The look Harry and Patricia both gave him made him slump just a little further down into his chair.
‘In she comes,’ Patricia said, ‘this medium, and she asks to be left in the room alone for a few minutes, and we’re stood outside in the hall, and that was all a bit awkward, I can tell you.’
‘She was in the room alone?’ Harry asked.
‘Yes,’ Patricia nodded. ‘To add to the theatre of it all, I’m sure, you know? Perhaps even to creep us out a bit?’
‘And then you went back in,’ Jadyn prompted.
‘Yes,’ Patricia said. ‘We all sat around the coffee table and there was a photo of Mum on the table, next to her wedding ring and a favourite book of hers, and then, well, it all got very strange indeed, didn’t it?’
‘Strange how?’ Harry asked. ‘What actually happened?’

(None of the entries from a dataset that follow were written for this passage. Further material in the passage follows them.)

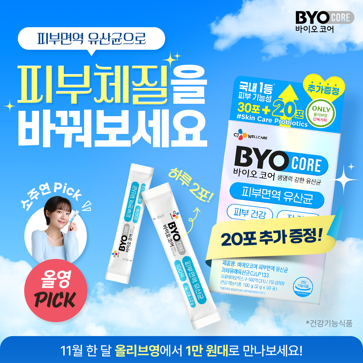 CJ웰케어의 주력 제품인 바이오코어의 광고 소재는 소주연 배우를 소재에 활용하고 있고, 전반적으로 파란색 톤을 유지하고 있습니다. 소재 이미지 하단에 띠 형태의 카피를 담은 이미지가 많아 보이고, 11월 소재의 경우 12,100원이라는 가격적인 소구점을 강조하고 있습니다.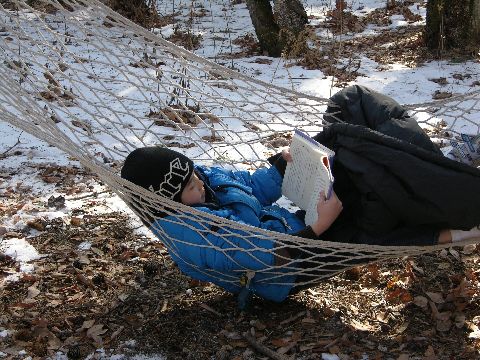 はずし忘れたハンモックで、ハリーポッターの本を読む少年!! 200ページもある本を抱えて暖かい日差しのなかで・・・なかなか良い光景でした。これからスケートに行くそうです。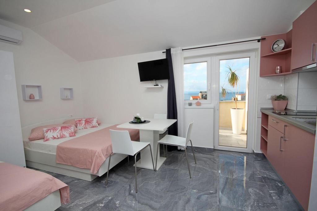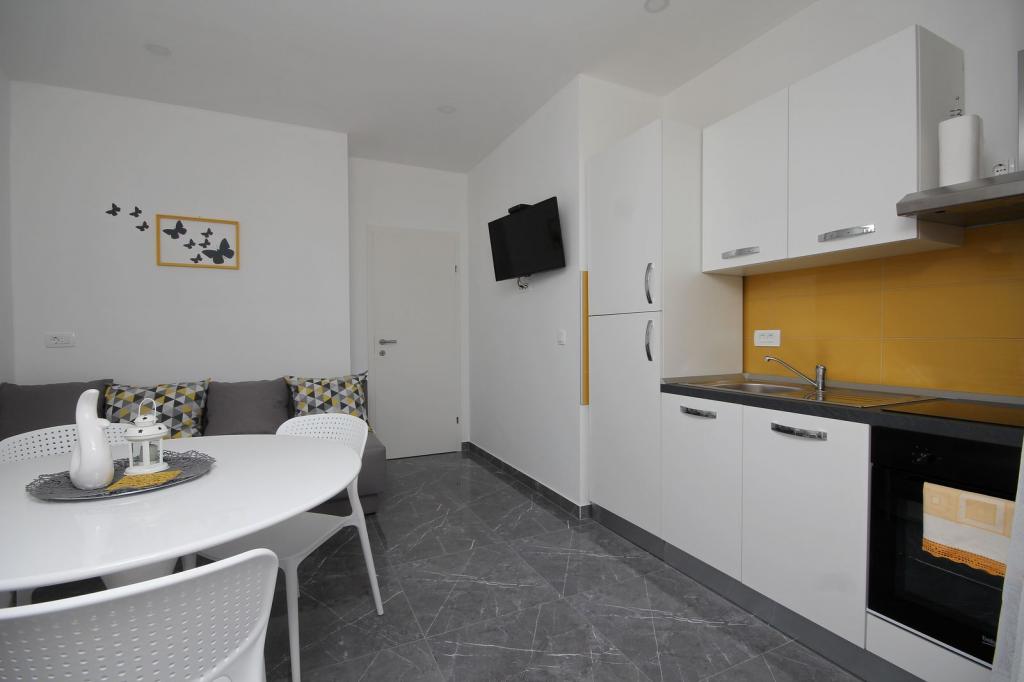 Vores lejligheder kan rumme 2 2, 3 2 (b), er placeret på 1. og 2. sal i centrum af Tucepi, velegnet til familier med børn, 2 par, sport grupper, ældre og andre Lejlighederne er nyligt udstyret med:. Separate soveværelser, stue, air condition, kan sofa omdannes til en seng 200/140, køkken, badeværelse, balkon med udsigt over hav og land, satellit-LCD-tv, W-LAN internet og lukket parkering til hver lejlighed i bil. Alt hvad du behøver er inden for 150m.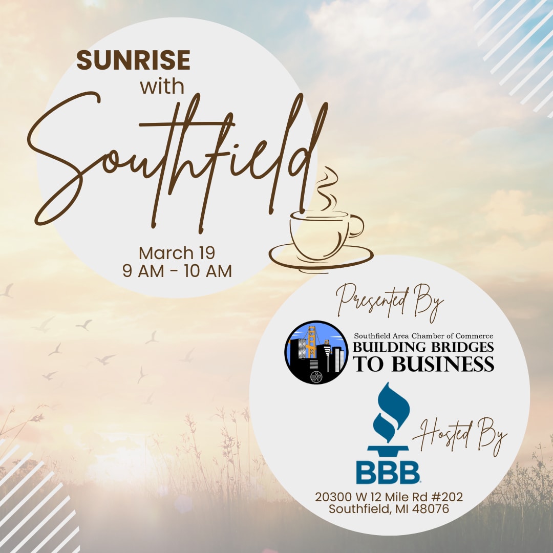 Join us for this networking event with the Better Business Bureau (BBB). BBB Accredited Businesses and Southfield Chamber of Commerce members are invited to attend. This event is open to the public. Share your business pitch including a newsworthy item in 30-60 seconds before the timer runs out. Remember to bring your business cards!
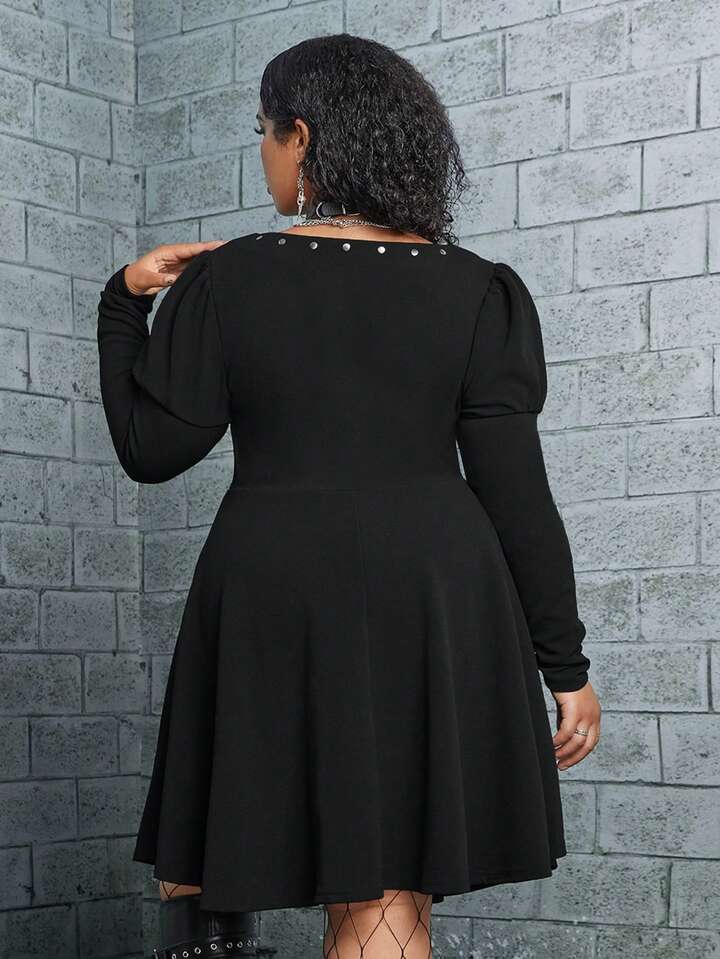 Plus Sweetheart Neck Gigot Sleeve Half Zip Dress Without Belt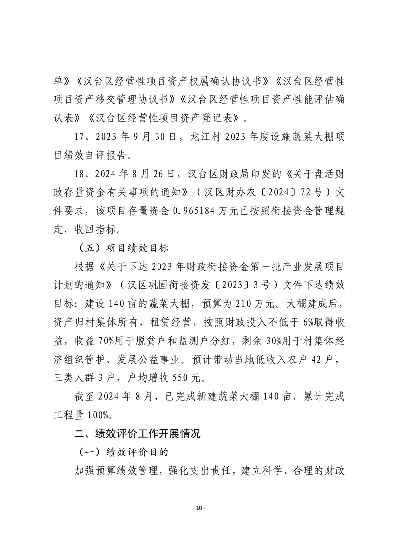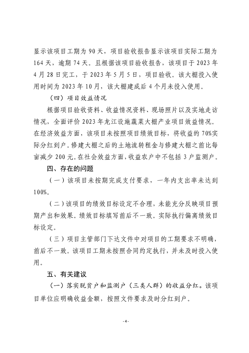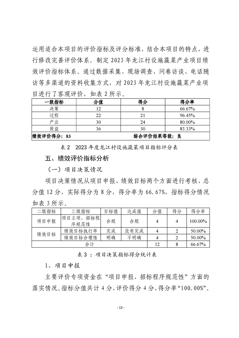 2023年龍江村設(shè)施蔬菜產(chǎn)業(yè)項目績效評價報告

Patricia explained then about the tapping at the window, the strange voices Beverly had used, and how it had all finally come to a somewhat inglorious end.
‘We threw her out straight away!’ she said. ‘Honestly, it was horrendous! Everyone was so jumpy! Dad was really upset. It was a total nightmare. We really shouldn’t have gone ahead with it, but Dad was pretty insistent.’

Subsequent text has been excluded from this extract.